Keeping your bigger dramatic stakes at bay to achieve its season length is starting to sound more like a bug for the series than a feature film. For example: The episode doesn’t bring the lessons Hunter learned from his botched recovery mission back to Cid, who clearly doesn’t keep his best interests at heart. (“You knew how dangerous the information about the Tactical Droid is, but you didn’t know who you were giving it to?” Rafa Hunter asks at one point.) The episode also doesn’t explore how Wrecker overcame his Inhibitor Chip’s latest and most belligerent attack on his good nature – a solid character moment for the series if there ever was one, but it doesn’t. is never mentioned.

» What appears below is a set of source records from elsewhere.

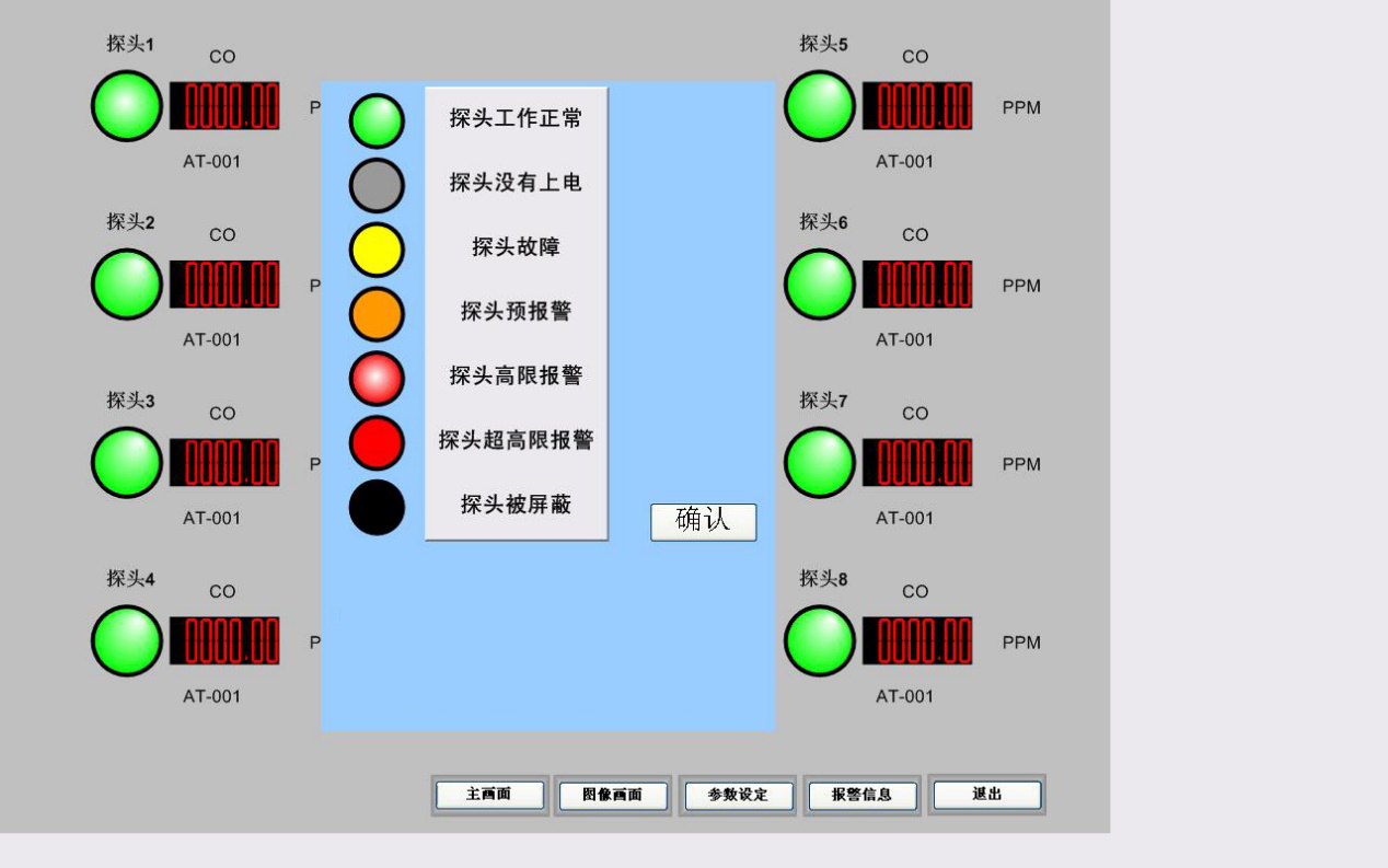 對于控制器系統(tǒng)界面的報警,必須在氣體濃度已經(jīng)恢復(fù)到報警設(shè)定值以下,報警才被清除。
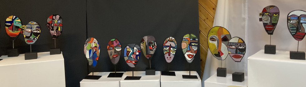 Les masques témoignent du vécu de cette période COVID19. Les œuvres sont réalisées sur ordinateur puis imprimées en couleur. L’image est ensuite marouflée et/ou transposées sur des supports en bois. Le dessin est repris à l’acrylique puis protégé. Ils sont signés.
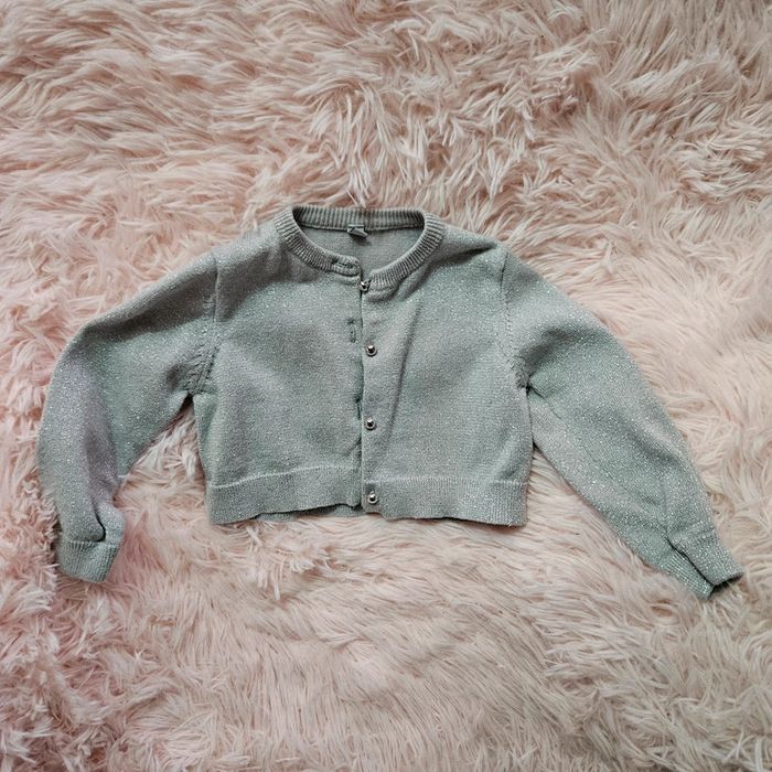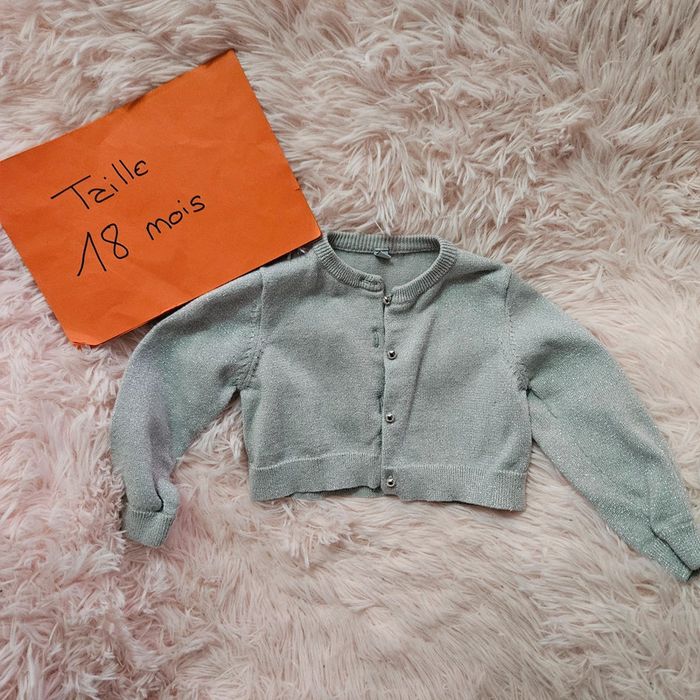 En excellent état très peu porté gilet fin type boléro à bouton gris paillettes taille 18 mois #18moisbelibel54 #giletbebe
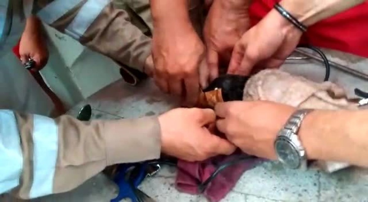 O filhote foi encontrado por dois policiais militares, que o levaram ao Quartel Central dos Bombeiros, também na região central da cidade. No local, uma equipe de bombeiros assumiu a ocorrência e fez a retirada do cano, com o auxílio de uma ferramenta microrretífica.
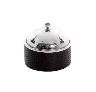 หม้อปรุงอาหารโลหะพร้อมฝาตอกทำจากหนังที่สะดุดตา
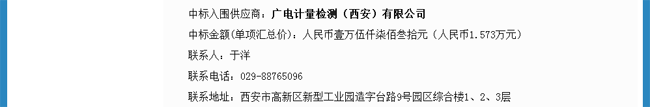 1月2日,陜西省政府采購(gòu)網(wǎng)發(fā)布公告,廣電計(jì)量西安子公司成功中標(biāo)西安市灞橋區(qū)食品藥品監(jiān)督管理局抽檢檢測(cè)服務(wù)檢測(cè)機(jī)構(gòu)入圍項(xiàng)目,服務(wù)期限2018-2019年度,斬獲廣電計(jì)量2018開(kāi)年第一標(biāo)!
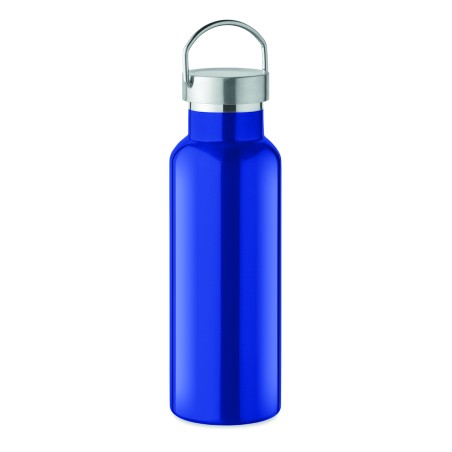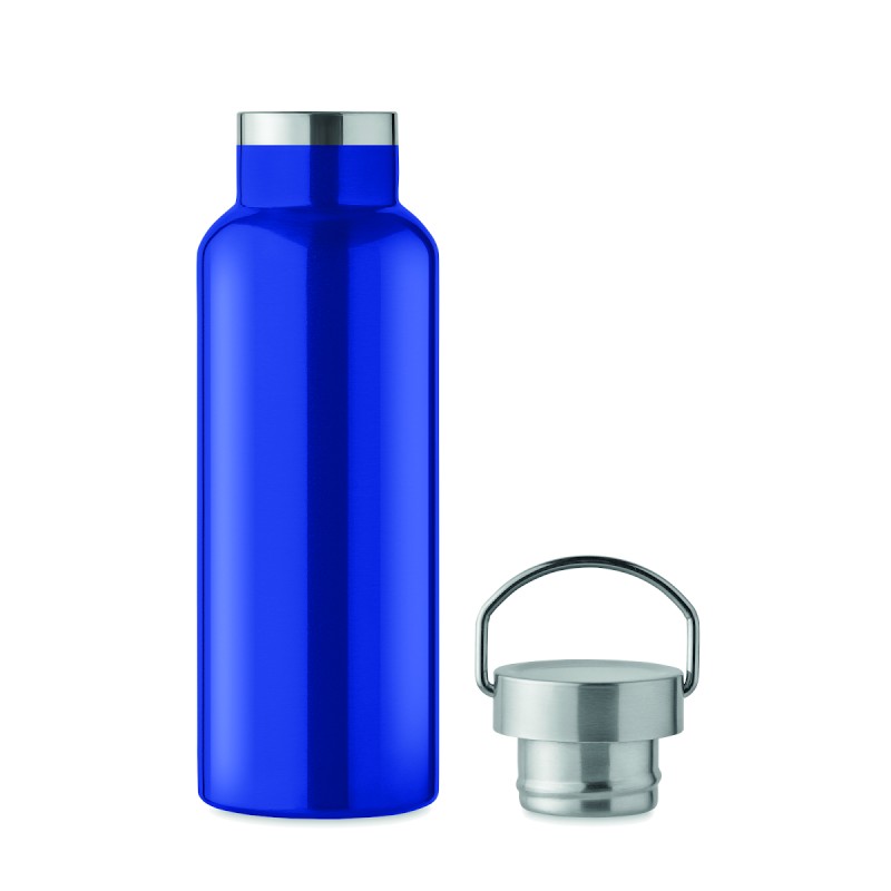 Bouteille à vide isolant à double paroi en acier inoxydable recyclé (90 % d'acier inoxydable recyclé et 10 % d'acier inoxydable) avec couvercle et poignée. Anti fuite. Capacité : 500 ml.
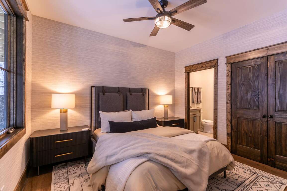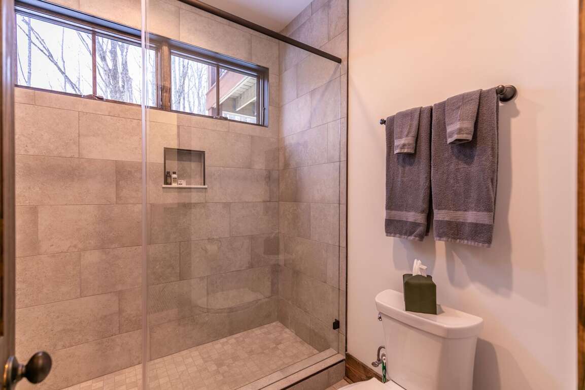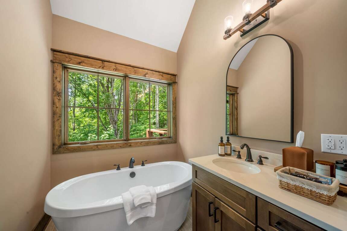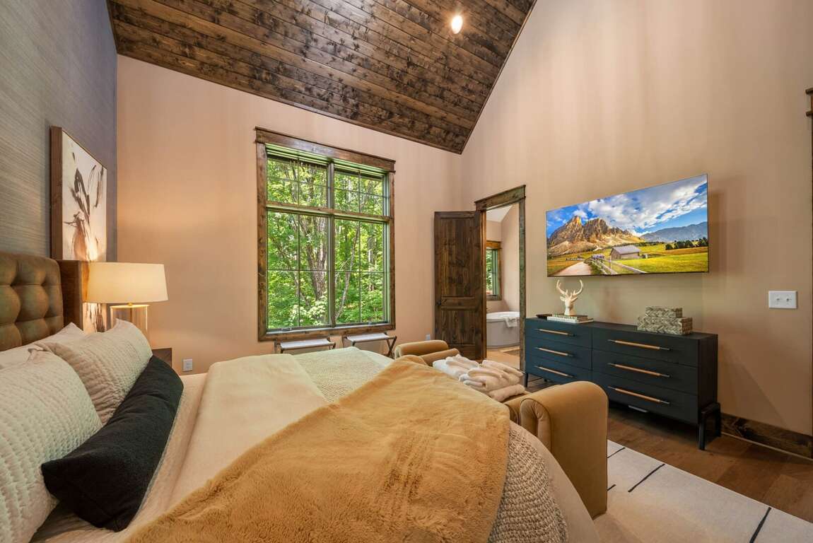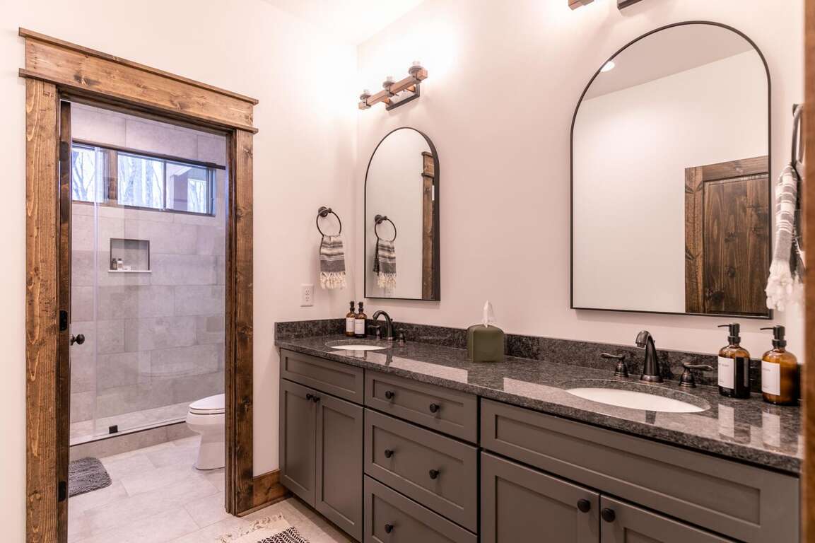 The main-level king suite is a quiet retreat with a spa-like bathroom featuring a tiled shower, soaking tub, and double vanity.
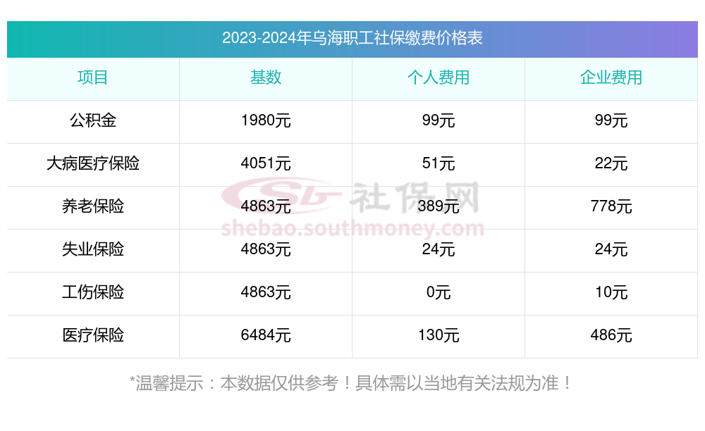据新社通app小编了解到,2023-2024年乌海社保缴费基数参照为3579.00,乌海社保缴费明细如下:

The bad lot is still mixing the non-Hunter / Omega members of Clone Force 99 around the periphery of the series to their detriment. Tech, Echo, and Wrecker, no matter what they go through from episode to episode, always end up filling the background before the credits end. Isn’t this family unit speak to one another ? Tech, your brother Wrecker has a headache! Hunter, Crosshair’s chip turned him on you and it looks like it could happen again! Yes, the Lot needs money, and of course there are bounty hunters and an entire Empire breathing their necks. But not all credits in the galaxy will redeem Wrecker if he finally goes to the dark side.

Stray observations

  • Cid, to Omega: “You release too soon because of those weak noodle arms!” Develop your strength. And then Cid takes the crossbow and nails three bulleyes in a rapid fire. Keep an eye on Cid, I’m telling you.
  • Someone Helping Me Here: Tech says the Empire uses clones, so obtaining some Tactical Droid lineup is crucial to their totalitarian efforts, not to mention incredibly valuable value. But the Separatists, who used droids to wage war, served Palpatine – or rather Sidious – during the Clone Wars, didn’t they? So wouldn’t the Emperor have access to their droids now that he is consolidating his power? Also, who uses battle droids in battle against the Empire now that the wars are over?
  • It’s like poetry, it rhymes: technology Marauder on an Imperial freighter in order to infiltrate the dismantling facility, just as Han Solo docked with an Imperial Star Destroyer to escape the Empire in The Empire Strikes Back. (“That old thing?” Wrecker asks.)
  • Am I crazy, or did those police droids look a lot like Jabba EV-9D9 Supervisor Droid of Return of the Jedi?
  • Rafa: “We need a diversion.” Trace: “We need a diversion. Rafa: “Is there an echo here? Echo: “Yes. ” Phew.
  • Hooray for Omega, who struggled to aim his new crossbow at the start of the episode and suddenly found his inner sniper when the danger was at its height. She was throwing laser arrows with strength and confidence, yes, but did this new skill come from her clone programming … or something else?
  • R7 is Ahsoka’s astromech droid, or at least he… used to… be? The last time we saw R7 he was a heap of junk, having sacrificed himself in defense of his beloved Jedi friend in the Clone wars Episode S7, “Victory and Death”.
  • Well, what do you think, band? Who was Trace’s contact? Could it be Bail Organa? Rex? How did the Martez sisters come across R7? Someone else is getting serious Toy story 3 the vibrations of this foundry? Let’s spin a few wheels in the comments section below.